───── Data below
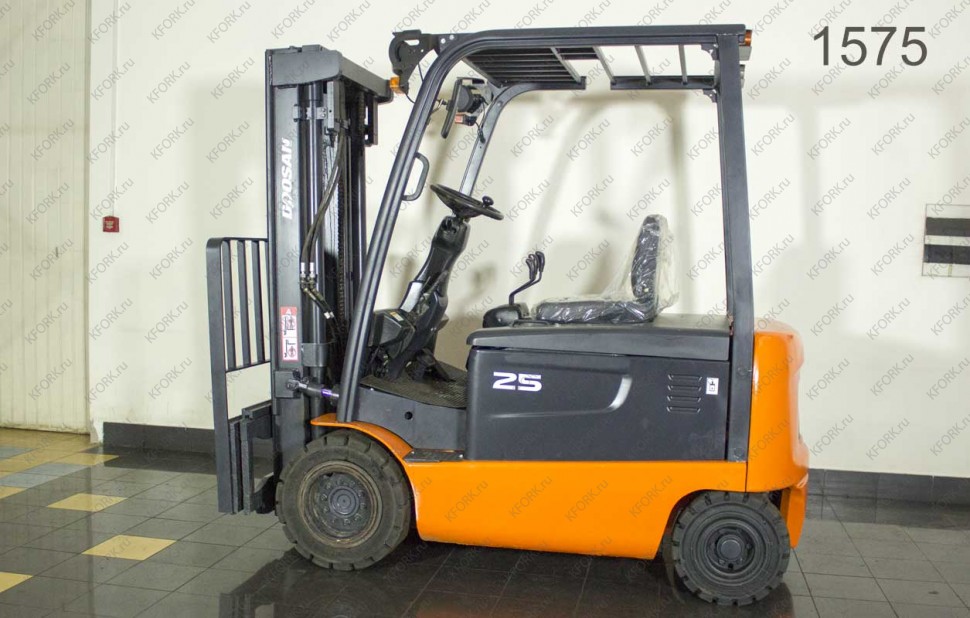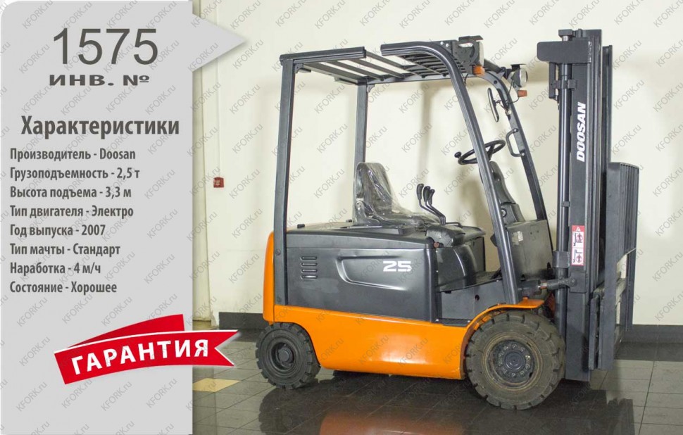 Электрический погрузчик Doosan Б/У с интентарным номером 1575 2007 года выпуска. Состояние - Хорошее. Имеет грузоподъемность 2500 кг. Гарантия: .
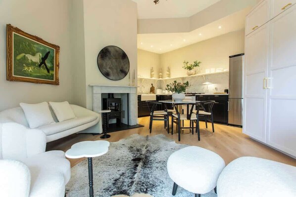 The stylish living area has comfortable seating for four people, a wood burning stove for cosy winter nights and a smart TV.
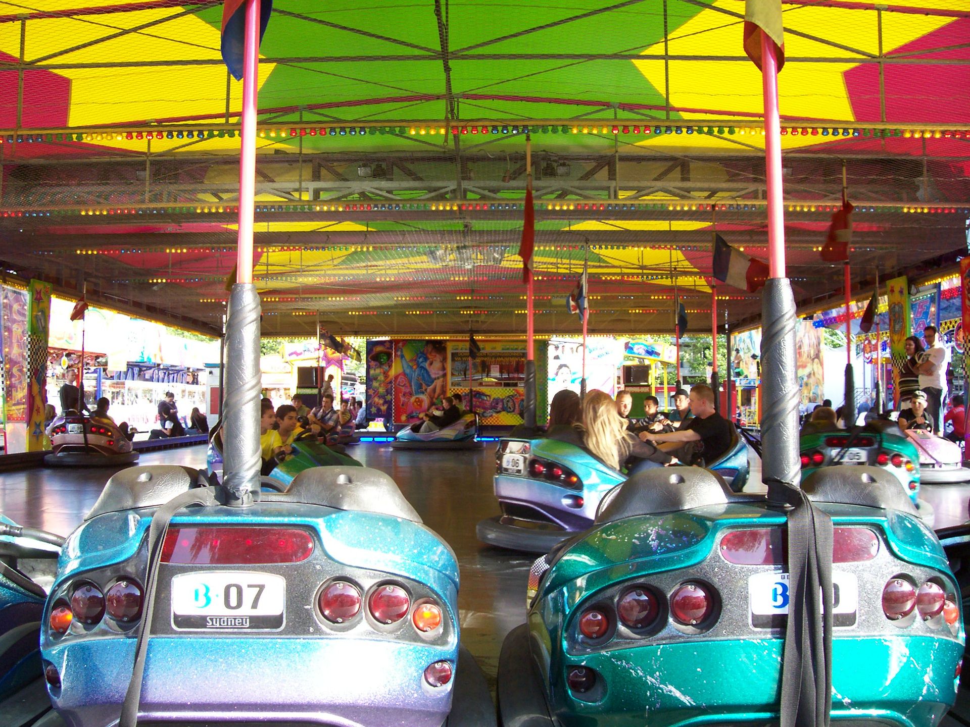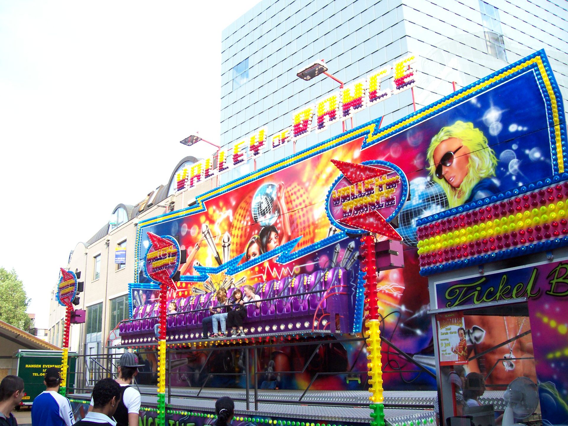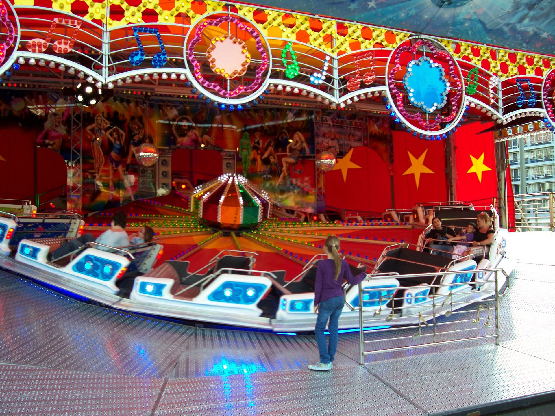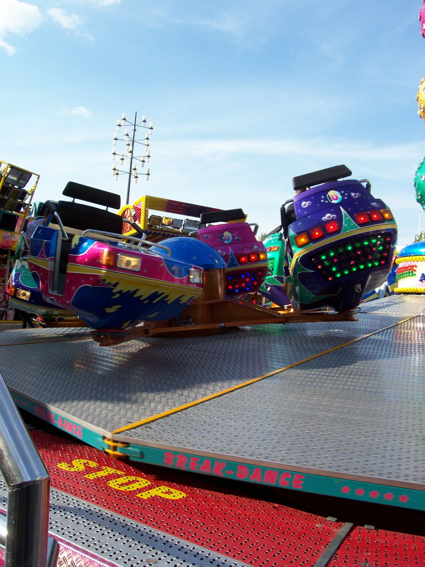 Los geht es mit dem ersten Platz. Hier gab es das 4-D Kino "4-D Vision", einen Break Dance, der Musikexpres "Discostar", ein Autoscooter, "Rock It", und das Fun House "Fire Department" zu sehen.
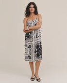 The Bella Dahl Spaghetti Strap Midi Dress is that easy statement piece you throw on and instantly feel put together. Featuring a flowy midi length and a bold, eye catching print, it brings just the right mix of relaxed and elevated. The lightweight feel and delicate straps keep it breezy and comfortable, perfect for warm days, dinners out, or anything in between.
──────────
[Your assignment] Your answer must be the exact lines from the start of the data through the line with "The stylish living", inclusive, and nothing else; pictures do not belong in it.

[Written answer]
 Электрический погрузчик Doosan Б/У с интентарным номером 1575 2007 года выпуска. Состояние - Хорошее. Имеет грузоподъемность 2500 кг. Гарантия: .
 The stylish living area has comfortable seating for four people, a wood burning stove for cosy winter nights and a smart TV.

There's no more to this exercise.